WHAT IS REQUIRED
From the records below, set down exactly the lines starting with the line that contains "- 18h : Soirée" and going on through the line that contains "欧舒丹(L'OCCITANE) 经典 樱花30ml+乳木果30ml+甜扁桃30ml". Nothing else is wanted.

EXERCISE INPUTS
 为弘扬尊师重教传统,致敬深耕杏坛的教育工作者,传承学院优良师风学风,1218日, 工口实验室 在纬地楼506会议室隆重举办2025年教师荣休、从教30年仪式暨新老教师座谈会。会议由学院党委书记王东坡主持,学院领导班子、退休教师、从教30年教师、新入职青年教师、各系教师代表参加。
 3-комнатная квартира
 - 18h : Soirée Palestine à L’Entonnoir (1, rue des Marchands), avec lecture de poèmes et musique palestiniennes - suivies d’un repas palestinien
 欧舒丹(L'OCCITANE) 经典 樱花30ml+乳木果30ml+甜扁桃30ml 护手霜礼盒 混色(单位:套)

--

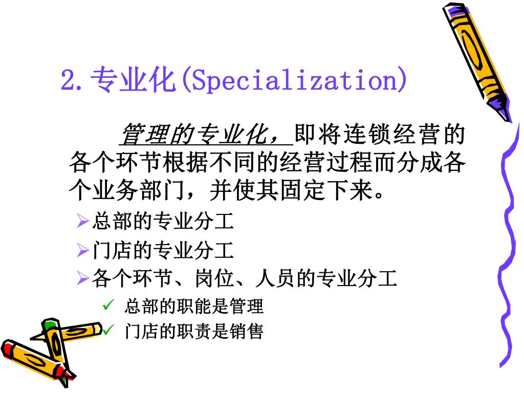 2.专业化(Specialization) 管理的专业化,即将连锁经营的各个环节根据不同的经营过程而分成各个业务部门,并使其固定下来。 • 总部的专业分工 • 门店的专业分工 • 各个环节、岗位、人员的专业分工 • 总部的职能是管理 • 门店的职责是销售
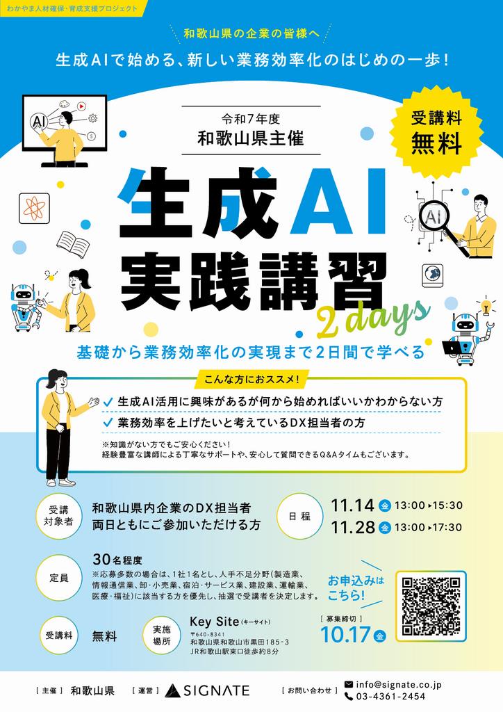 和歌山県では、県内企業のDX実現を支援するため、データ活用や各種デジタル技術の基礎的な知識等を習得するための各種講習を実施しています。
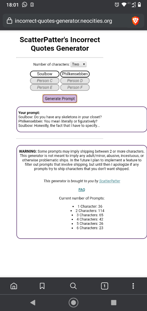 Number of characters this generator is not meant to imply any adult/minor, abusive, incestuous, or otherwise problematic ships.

RESULT OF THE TASK
 - 18h : Soirée Palestine à L’Entonnoir (1, rue des Marchands), avec lecture de poèmes et musique palestiniennes - suivies d’un repas palestinien
 欧舒丹(L'OCCITANE) 经典 樱花30ml+乳木果30ml+甜扁桃30ml 护手霜礼盒 混色(单位:套)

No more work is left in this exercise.